> Exercise directions: Output the data below only from the line containing "Em função de" up to and including the line containing "Traje de Baño de", exact and with the pictures left out.

> Entries shown:
******
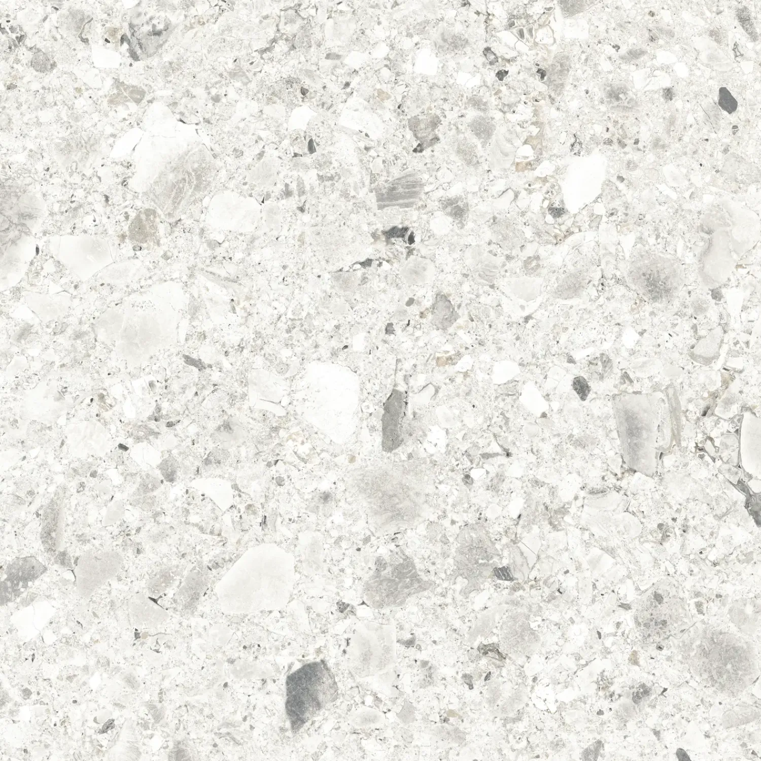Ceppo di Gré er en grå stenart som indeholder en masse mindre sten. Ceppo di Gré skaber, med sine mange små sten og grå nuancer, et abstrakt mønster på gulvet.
******
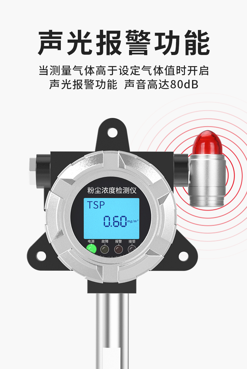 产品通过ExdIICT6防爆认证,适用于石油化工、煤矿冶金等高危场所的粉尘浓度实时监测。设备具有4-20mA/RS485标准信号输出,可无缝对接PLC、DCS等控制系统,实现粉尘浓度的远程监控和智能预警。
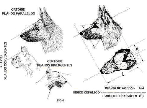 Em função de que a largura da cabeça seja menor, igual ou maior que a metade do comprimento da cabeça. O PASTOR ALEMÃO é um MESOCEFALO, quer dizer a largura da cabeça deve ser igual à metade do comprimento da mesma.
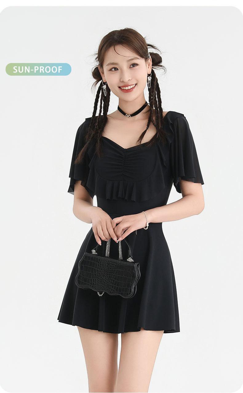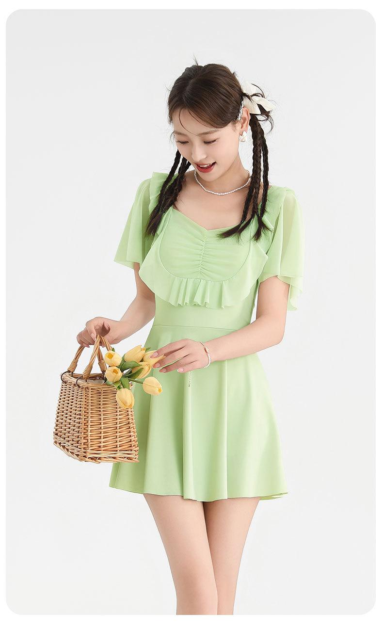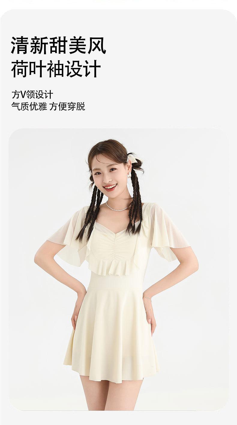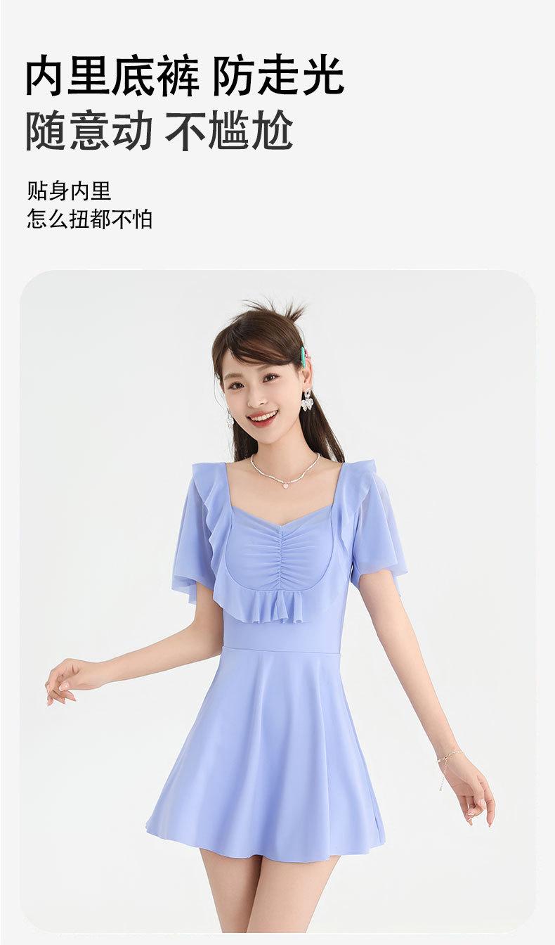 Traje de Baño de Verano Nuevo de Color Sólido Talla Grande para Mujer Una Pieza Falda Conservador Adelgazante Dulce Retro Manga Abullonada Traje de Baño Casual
******
> Final answer:
 Em função de que a largura da cabeça seja menor, igual ou maior que a metade do comprimento da cabeça. O PASTOR ALEMÃO é um MESOCEFALO, quer dizer a largura da cabeça deve ser igual à metade do comprimento da mesma.
 Traje de Baño de Verano Nuevo de Color Sólido Talla Grande para Mujer Una Pieza Falda Conservador Adelgazante Dulce Retro Manga Abullonada Traje de Baño Casual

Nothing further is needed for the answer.